Дерганье прекратилось. Наступила такая глубокая тишина, что одно
мгновение Глазунову все это показалось небывшим. Сердце отчаянно билось, он
глупо улыбался, силясь рассмотреть тьму. Сконфуженный шепот и глухой смех
раздались где-то сбоку.
- Он Глазунов! - прыснул дискант. - Люба! Он не Петя! - насмешливо
подхватила другая. - Он, может быть, Ваня! Это Глазунов! - хихикнула третья.
- Извините, господин Глазунов! - Пожалуйста, извините! - Будьте добры! - До
свидания, господин Глазунов! - А ведь сзади точь-в-точь Петя! - А спереди -
ни дать ни взять - Глазунов!
Звонкий хохот сопровождал последнее замечание. В темноте затрещало,
последние шаги девушек стихли, Глазунов стоял, как окаменелый, взволнованный
смешной передрягой и безжалостными щипками. Потом машинально, как будто
возле него еще оставался кто-то, зажег спичку и осмотрелся.
Мрак отступил за ближайшие стволы, нижняя часть ветвей и смятая трава
зеленели в тусклой дрожи случайного освещения - неподвижно, сонно, как лицо
спящего. Белое пятно привлекло внимание Глазунова. Он нагнулся и поднял
маленький измятый платок. Спичка погасла.
- А ведь я маху дал, - сказал Глазунов, прислушиваясь. - Вообще вел
себя нелепо. Надо было полегче. Познакомиться, что ли... Петя - Петей, а я
мог бы пошататься с этим выводком...
Он чувствовал себя усталым и грустным. Уверенность, что барышни были
хорошенькие и молодые, наполнила его глухой неприязнью к "Пете". Глазунов
довольно отчетливо представил его себе: плотный, ясноглазый парень в
чистеньком пиджачке и фуражке с кокардой. У него прямые, светлые волосы,
румяный загар, слегка вздернутый веснушчатый нос и непоколебимая
самоуверенность. Начальник любит его за аккуратность и деловитость, товарищи
за покладистость и веселый характер. Барышни от него в восторге.
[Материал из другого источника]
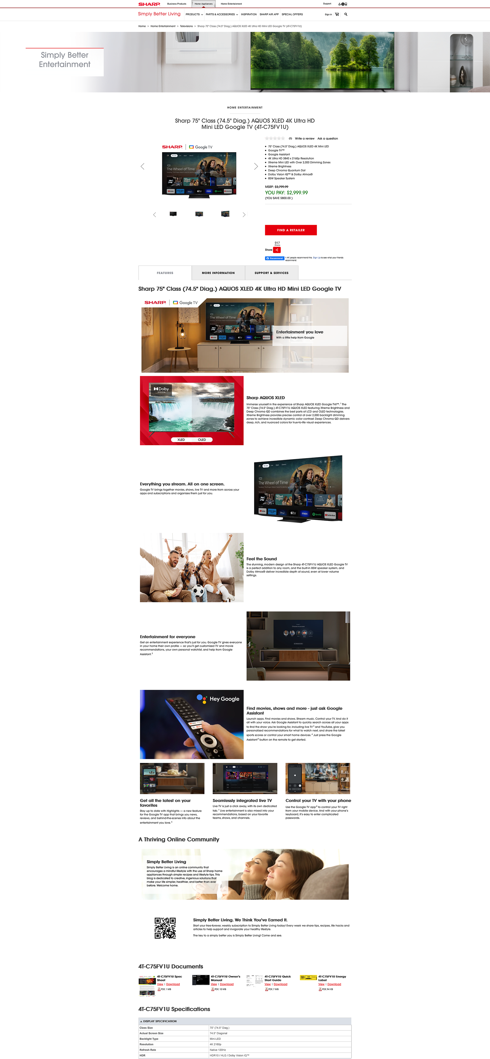 Sharp 75" Class (74.5" Diag.) AQUOS XLED 4K Ultra HD Mini LED Google TV (4T-C75FV1U)

- А и черт с ним! - пробормотал Глазунов, - я неудачник, голодный рот,
может быть, сдохну под забором или сопьюсь, но все же я - не идиот Петя, не
это машинное мясо, не этот будущий брюхан - Петя!
В глубокой задумчивости, сжимая чужой платок, Глазунов стоял в темноте,
и ему до слез было жаль себя, унылого человека, без куска хлеба, без
завтрашнего дня и приюта. Образ Пети преследовал его. Петя - начальник
станции, Петя - инженер, Петя - капитан, Петя - купец. Неисчислимое
количество Петей сидело на всех крошечных престолах земли, а Глазуновы
скрывались в темноте и злобствовали. И хотя Глазуновы были умнее, тоньше и
возвышеннее, чем Пети, последние успевали везде. У них были деньги, почет и
женщины. Жизнь бросалась на Глазуновых, тормошила их, кричала им в уши, а
они стояли беспомощные, растерянные, без капли уверенности и силы. Неуклюже
отмахиваясь, они твердили: "Я не Петя, честное слово! Я Глазунов!" И тусклая
вереница дней взвилась перед Глазуновым, бесчисленное количество раз отражая
его нужду, болезненность и тоску. Он слабо усмехнулся, вспомнив репетицию
лесного ночлега: здесь, как и всегда, он шел по линии наименьшего
сопротивления. Кислое отвращение поднялось в нем: с ненавистью к музыке, к
"Пете", к носовому платку, с болезненно-сладкой жаждой чужого, хотя бы
позднего сожаления, Глазунов, еще не веря себе, нащупал ближайший сук, снял
пояс и привязал его, путаясь в темноте пальцами, вплотную к коре.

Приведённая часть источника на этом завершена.